To Track the Real Beneficiaries
Parallelly, MCA is readying rules to provide for significant beneficial ownership aimed at tracking the real beneficiaries of shares as often benami holdings are found in shell companies. The new section that was inserted in the Companies Act is also part of the global fight against money laundering and came at the behest of Paris based Financial Action Task Force with countries such as the UK already is a member.
To Register of “Beneficial Owners”.
The
law provides for maintaining of a register of “beneficial owners”. While the
Companies Act had said that the threshold for classification will be at least
25% or another level that is prescribed, MCA is expected to set the limit at
10%, increasing the ambit of the provisions to cover a larger base of
shareholders, who may be warehousing the shares for someone else.
To Avoid Benami Transactions
“There are cases where the real owner is someone else as the shares have been paid for through funding to another person. Similarly, I may be holding shares but I can have a back-to-back arrangement on voting. With the new rules, all these issues will be sorted out,” said a source.
Impact on FDI
The
move will also have significant implications for foreign investors, especially
in tightly-regulated sectors where 100% FDI is still not per mitted.

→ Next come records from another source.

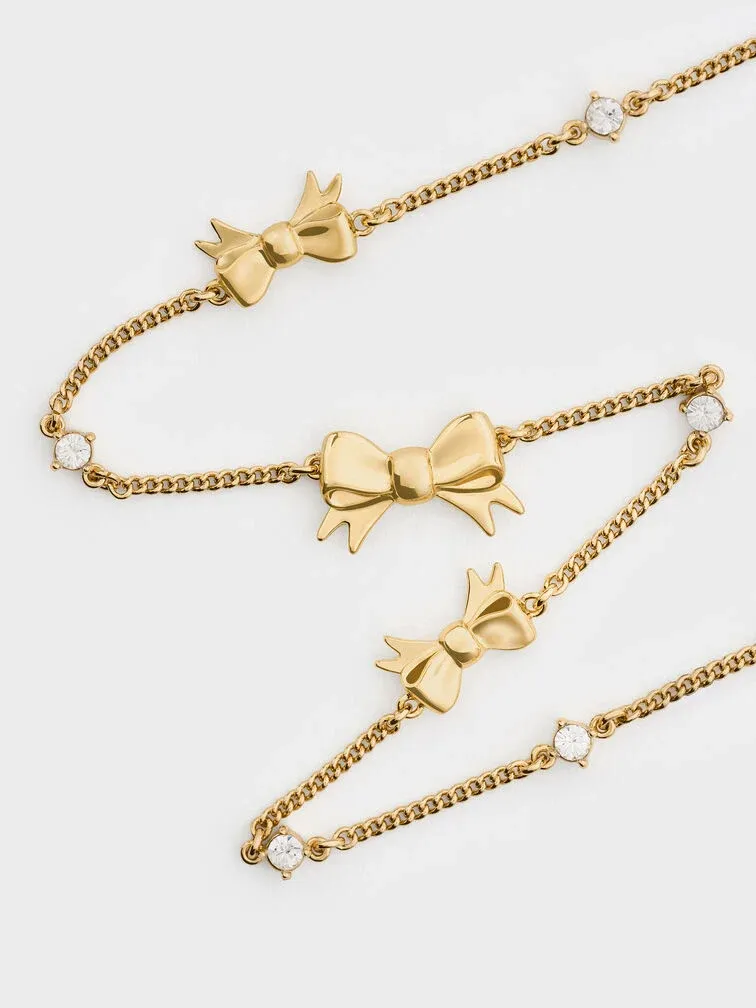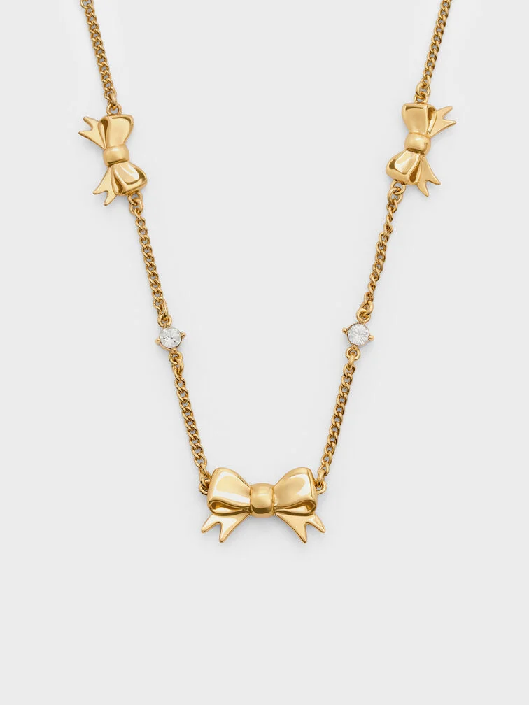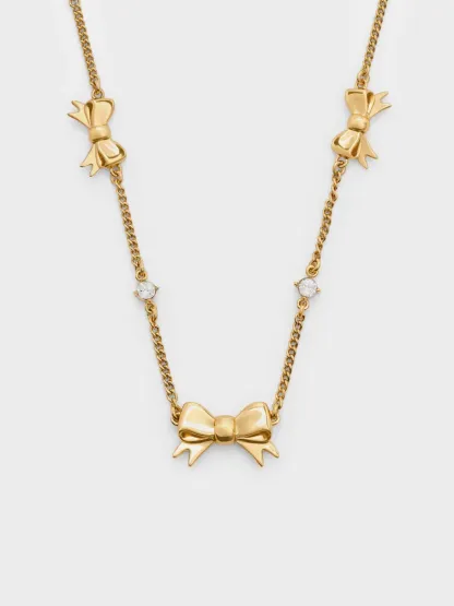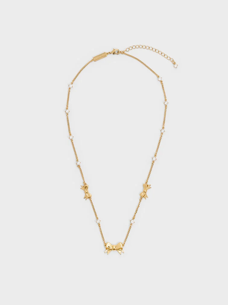 Paige Bow Crystal Necklace - gold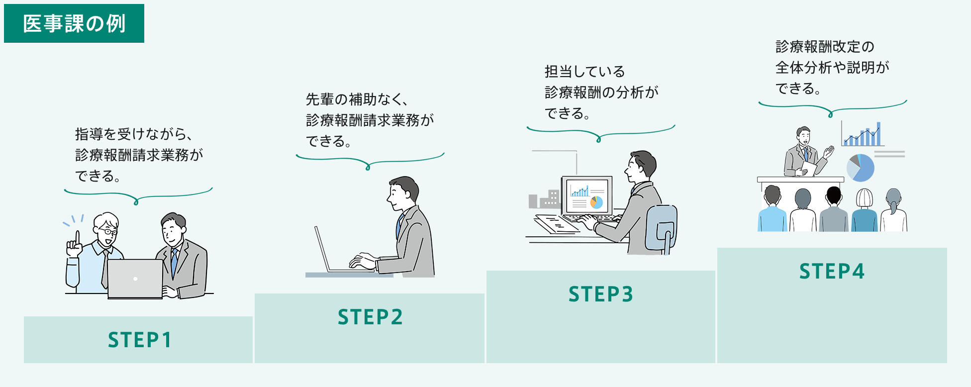 様々な視点や考えを持った方たちに活躍していただくため、学部・学科や現在の医療知識の有無を問わず採用を行っています。そのため、1~4年目の事務総合職を対象にした「ラダー型教育プログラム」という教育制度があります。「ラダー型教育プログラム」は、キャリアの基礎を築くための育成プログラムで、段階ごとに基準を決めて、Ladder(=はしご)を登るようにレベルアップするしくみとなっています。比較的年齢の近い先輩から、1対1できめ細かい指導やアドバイスを受けながら業務を行うので、疑問点や迷いを早期に解消し、確実に成長することができます。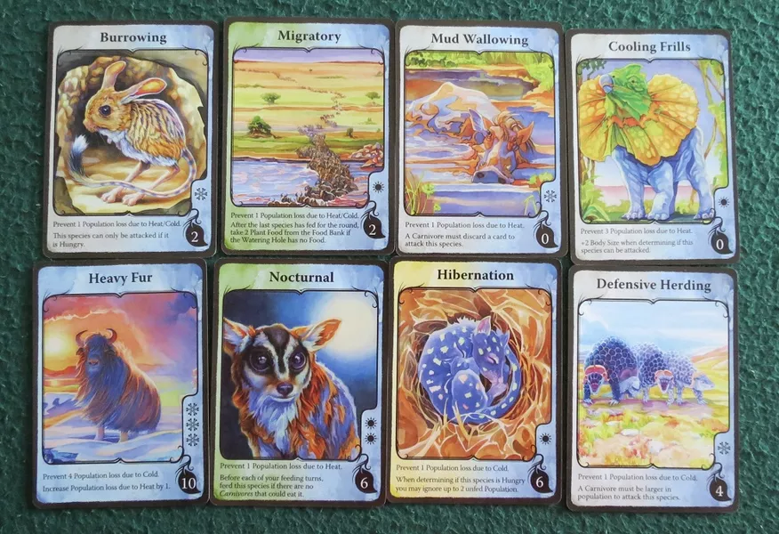 The new climate traits open up entirely fresh strategic avenues. Heavy Fur and Migratory shield your creatures from the cold, while Nocturnal and Burrowing offer refuge from a punishing desert sun. With each species now able to carry up to four traits instead of three, the already vast combination space expands dramatically - over 200,000 possible evolutions - and the interplay between climate protection, predator defence, and food competition gives every game a satisfying, multi-layered puzzle to solve.

What Companies Act 2013 says
about Beneficial Ownership?
The
law provides for mandatory disclosure within a stipulated period and once the
rules are notified there will be a rush of filings as shares in most companies
are not widely held. A failure to disclose beneficial ownership can result in a
fine of up to Rs 50,000 with a daily penalty of Rs 1,000, if the failure to
comply with the rules continues. The Companies Act also allows the Centre to
investigate cases of beneficial ownership.
Courtesy
: Times of India
Very Good move, But what about the Shares held in companies under liquidation. Much more Likely hood Benami is there also. Who cares for?